Çok doğru anlamışsınız.
Tabii ki değişebilir de… Ama düşük bir ihtimal bu saatten sonra, %15 diyelim, bilimsel olarak bunu söyleyebiliriz. Bir de, ne kadar değişmesini istediğinize bağlı… İstanbul’un kıyılarında 5 cm kar yağma ihtimali % sıfır.
ElNinoYazıyı Yazan
herşeye bilimsel bakmayalım. %sıfır diyemeyiz. Allah bilir biz bilemeyiz. Biz sadece tahmin yapabiliriz. Geleceği göremeyiz. %1 diyebilirsin 🙂
Allah insanlara akıl vermiş fikir vermiş, bilimi icat etmişiz. Gayet de iyi biliyoruz, çok yakın geleceği görüyoruz işte: % sıfır. Neden şöyle düşünmüyorsun: Bilimle keşfedilen şeyler tamamen yaratıcının yarattığı sisteme dahil olan şeylerdir. Sen modelleri kullanıp 3-4 gün sonrası için İstanbul kıyılarında 5 cm kar yağma ihtimali %sıfırdır deyince aslında Allah’ın koyduğu kuralları keşfetmenden kaynaklı bilgiyle konuşuyorsun. Bence hal böyleyken “hayır, yağabilir” demek inanç bakımından daha sakıncalı, çünkü öyle deyince, yaratılmış sistemin dışında, onun kurallarına karşıt işleyen bir mucizeden bahsetmiş oluyorsun. Akşam akşam da felsefe yaptırdın bana 🙂
İşte bu Ozan hocam arkadaşlarla hep tartışırım bu konuyu hiç bi zaman anlamazlar. Aksi olsa zaten mucizeye girer bence. Hem %100 gelecek denilen bir sistemi Allah neden bozsun ki.
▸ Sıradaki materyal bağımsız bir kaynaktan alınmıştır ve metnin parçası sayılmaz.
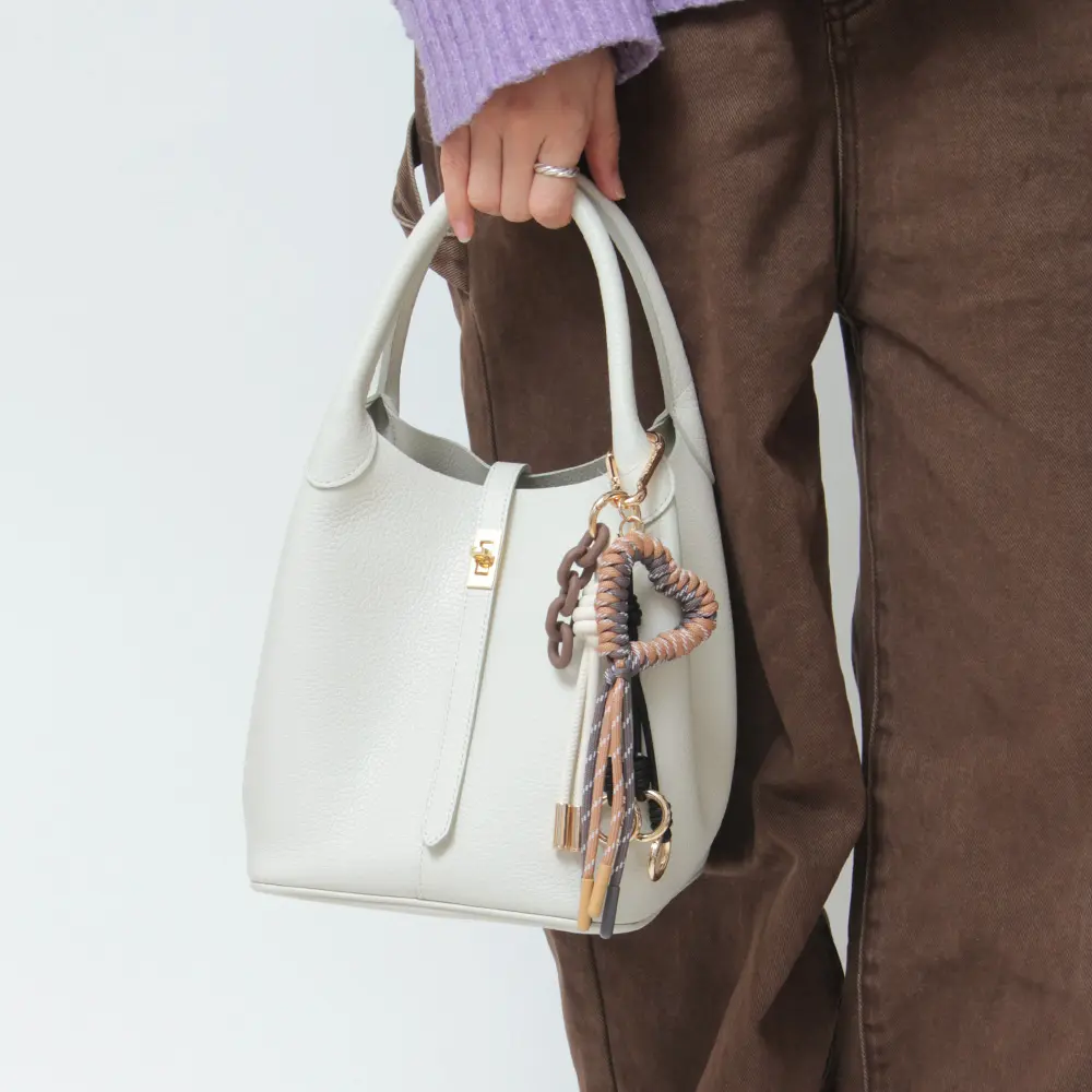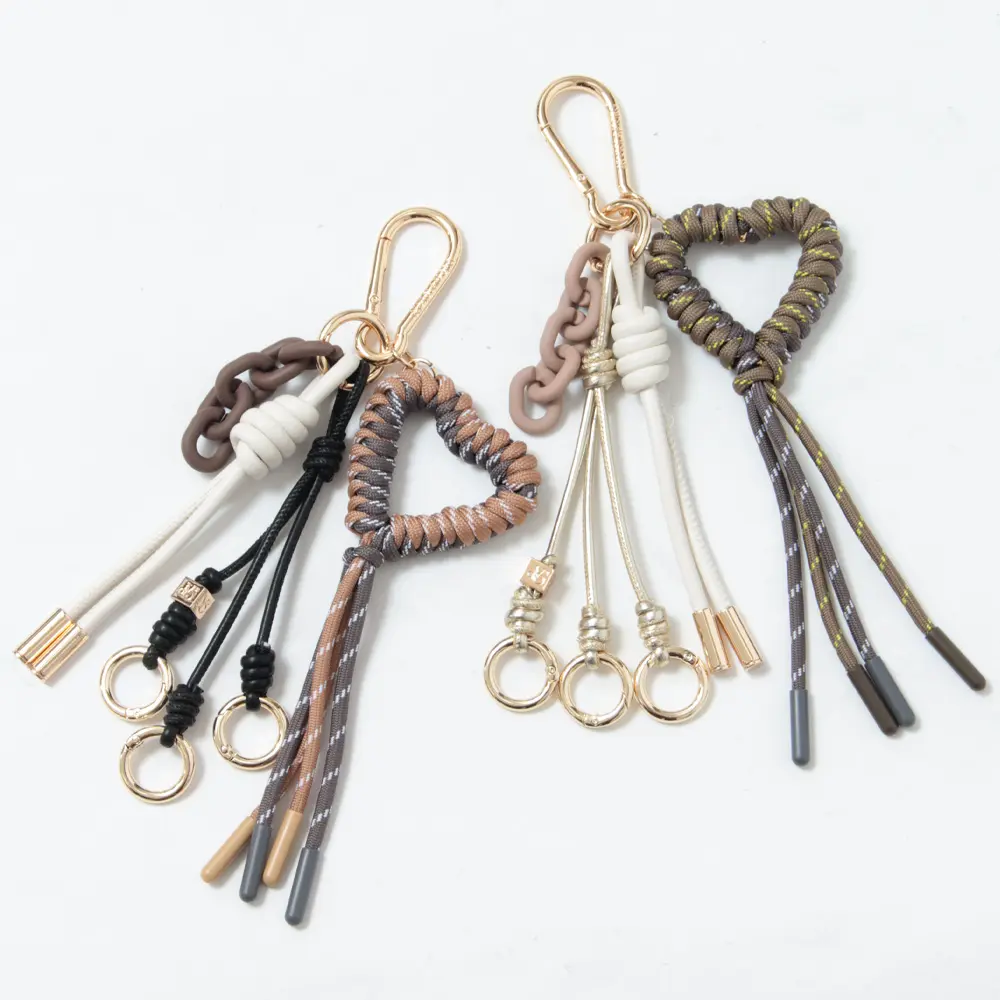 ハートモチーフのパラコードが目を引くバッグチャーム。 レザーコード、アクリルチェーン、カラビナ付きチャームを組み合わせたセットで、バッグにさりげないアクセントを添えてくれます。 シンプルなバッグにプラスするだけで、程よい遊び心と可愛らしさを演出できるアイテムです。

Onur’un şu yorumuna cevap (yığılma olmaması için)… O tartışmaya burada devam edelim lütfen…
Bugün saat 12’de gerçekleşen sıcaklıklar:
DMİ’nin bugün için tahminleri:
Gerçi öğle raporunda epey değiştirmişler, Erzurum’u maksimum -9’a çekmişler mesela. Bence yine de böyle günlerde maksimum sıcaklık tahmini hiç kolay değil, gayet lokal sisler, enverziyonlar vb. oluyor ve bir anda işin şekli değişebiliyor. Lokal hadiseleri modellerden bilmek mümkün değil, tek yol tahmin edilen yerin iklimini çok iyi bilmek, bunun da ancak yerelleşmiş tahmincilik anlayışıyla mümkün olabileceğini düşünüyorum, bir yerde hiç yaşamamış ve oranın iklimini, hangi durumlarda nasıl hava şartlarıyla karşılaşıldığını bilmeyen birisi merkezden tahmin yapınca iş çok zor.
ALKIM
Aşağıda da değinilmiş. Maksimumları değil sadece, mimimumları da tartışmalıyız. İstanbul için tahmin edilen 4 derece, gerçekleşen 0 derece. İzmir için tahmin edilen 5 derece, gerçekleşen 2 derece. Ankara için (baz alınan Ankara Bölge ise) tahmin edilen -4 derece, gerçekleşen -3. Ankara için bence çok başarılı bir tahmin, İstanbul ve İzmir için ise bir o kadar başarısız.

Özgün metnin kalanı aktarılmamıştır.